The firmware 310 may receive a notification that the software library 304 has placed the descriptor for the chaining request 326 on the request ring 312. The firmware 310 decodes the descriptor and configures the hardware accelerators 308 to perform the requested operations. In some embodiments, the firmware 310 determines an order of performance for the requested operations. For example, if the chaining request 326 specifies to decompress and decrypt the packet payload 320, the firmware 310 may determine to decrypt the packet payload 320 and decompress the decrypted packet payload 320. The firmware 310 may load the data of the packet payload 320 from the memory location specified in the chaining operation 316 into the memory of the accelerator device 104 (e.g., via direct memory access (DMA)).
Continuing with the previous example, the firmware 310 may then cause one or more of the cryptographic hardware accelerators 308 to decrypt the payload data 320. The cryptographic hardware accelerators 308 may then return an indication to the firmware that the decryption is complete. The indication may specify at least a memory location of the decrypted data. The firmware 310 may then load the decrypted data into memory of the accelerator device 104 and cause one or more of the compression hardware accelerators 308 to decompress the decrypted data to generate one or more processed payloads 324. Once decompressed, the compression hardware accelerators 308 may return an indication to the firmware 310 that the decompression is complete.

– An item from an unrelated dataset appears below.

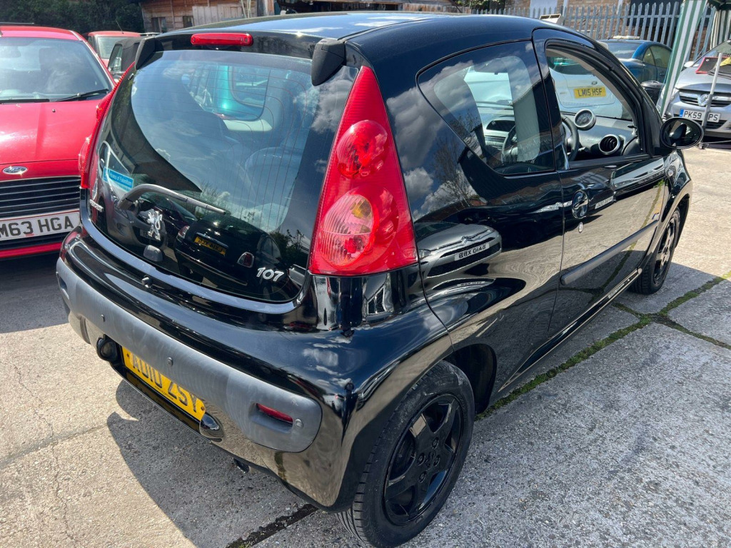 VEIWING STRICTLY BY APPOINTMENT PLEASE CALL ON 07973 377259 AS WE DO NOT PREFER WALK INS,HPI CLEAR,SERVCE HISTORY ,HALF LEATHER SEATS,BLACK GLOSS ALLOYS,SERVICE HISTORY,LONG MOT ELECTRIC WINDOWS,AIR CONDITIONING,,With only three previous owners and a full service history, this 2010 Peugeot 107 Allure is a well-maintained city car. Powered by a responsive 1.0L petrol engine, this Allure trim Peugeot 107 comes with an MOT valid until January 2026. The last service was carried out on 10th April 2025 at 68,000 miles, confirming the low mileage for its age. You can drive away with peace of mind, thanks to the included 3-month warranty and a clear vehicle history check.This Peugeot 107 stands out with its exceptional fuel economy of 63 mpg, meaning fewer trips to the petrol station. It also falls into a low insurance group, which can save you money on your annual premiums. Furthermore, its low CO2 emissions mean you'll be contributing less to pollution than with similar vehicles.. ULES COMPLIANT, E/WINDOWS, METALIC PAINT, Leather & Alcantara- Black & Grey, CENTRAL LOCKING, ALLOY WHEELS, PARKING SENSORS. Full service history

The firmware 310 may then place a chaining response 318 on the response ring 314. The chaining response 318 may include a location of the one or more processed payloads 324. The chaining response 318 may further include one or more of: a status, one or more opcodes, how many bytes of data were consumed, how many bytes of data were produced, one or more generated checksum values, data integrity results, and/or one or more generated hash values. In some embodiments, the software library 304 polls the response ring 314 to identify the chaining response 318. In some embodiments, the software library 304 decodes the chaining response 318. The chaining response 318 may be returned to the application 106, which consumes the processed payloads 324. Therefore, the application 106 is notified via a single chaining response 318 for multiple operations, rather than a respective response for each operation.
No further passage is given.